April is Autism Awareness Month, and with it comes a lot of conversation about the brain—how it works, how it processes, and how it’s different.
But what if we’ve been looking at only part of the picture?
What if some of what we’re experiencing neurologically isn’t just about the brain… but about communication within the entire nervous system?
Because the brain doesn’t function in isolation. It communicates constantly with the body through the spine. And when that communication is clear, the body has the ability to regulate, adapt, and respond. When it’s not, we start to see patterns—overwhelm, dysregulation, tension, and symptoms that don’t always have simple answers.
In Spinal Flow, as taught by Dr. Carli Axford, the spine is seen as a communication pathway between the brain and body. The gateways along the spine reflect how a person has lived, what they’ve experienced, and where stress has been stored over time.
And the very first one—the Base Gateway—matters more than most people realize.
This area, around the sacrum and tailbone, is the foundation of the nervous system. It’s where the body anchors itself physically, but also where a significant amount of stress can be held. Not just emotional stress, but physical stress—falls, impacts, injuries that were brushed off because “you were fine.”
So I’ll ask you a question I’ve been asking more often:
Have you—or your child—ever injured your tailbone?
Fallen hard on the ice. Missed a step on the stairs. Landed wrong as a kid. Even something that seemed small at the time. Most people don’t connect those moments to anything long-term. But the body keeps the record.

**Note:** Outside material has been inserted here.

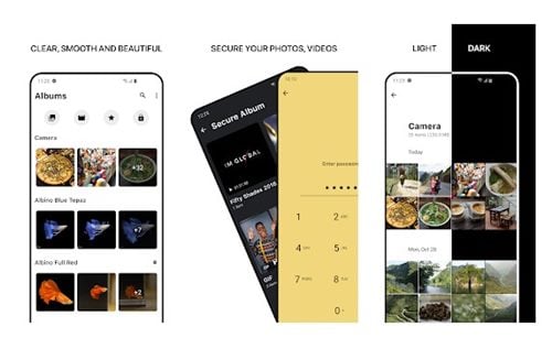 Apart from regular photo management, 1Gallery offers you an option to store your private photos on vault; you can protect the vault with a Password, PIN, Pattern, and Fingerprint.

Within this work, we look at how physical, emotional, and chemical stress can become stored in the body, creating areas where communication between the brain and body becomes less efficient. Not broken. Not damaged. Just… not communicating clearly.
Now, let’s be very clear about something. Neurological conditions like Autism are complex. They are not caused by a single event or one area of the body. But if someone’s nervous system is already processing the world differently—and then you layer in stored stress, especially in foundational areas like the base of the spine—it can affect how that system regulates, responds, and adapts. That’s the conversation that’s often missing. Because we tend to focus on managing symptoms, rather than supporting the system as a whole.
What I see in my work isn’t about fixing people. It’s about helping the nervous system feel safe enough to shift. When that happens, the body can begin to release patterns it’s been holding—sometimes for years.
Breathing changes. Posture softens. Reactions slow down. There’s more space between stimulus and response. And for some people, that’s the first time they’ve felt that kind of ease in their body. For parents especially, this matters. Because you’re not just looking for explanations. You’re looking for ways to support your child in feeling more comfortable in their own body… more regulated… more at ease in a world that can feel overwhelming.
This isn’t about replacing therapies or approaches you already trust. It’s about asking a different question.
What if there’s stored stress in the system that hasn’t been addressed yet?
What if the body is still protecting from something it never fully processed?
And what might shift if it didn’t have to anymore?
That’s where I start.
And sometimes, it starts with something as simple as looking back and asking…
What happened to the base of the spine?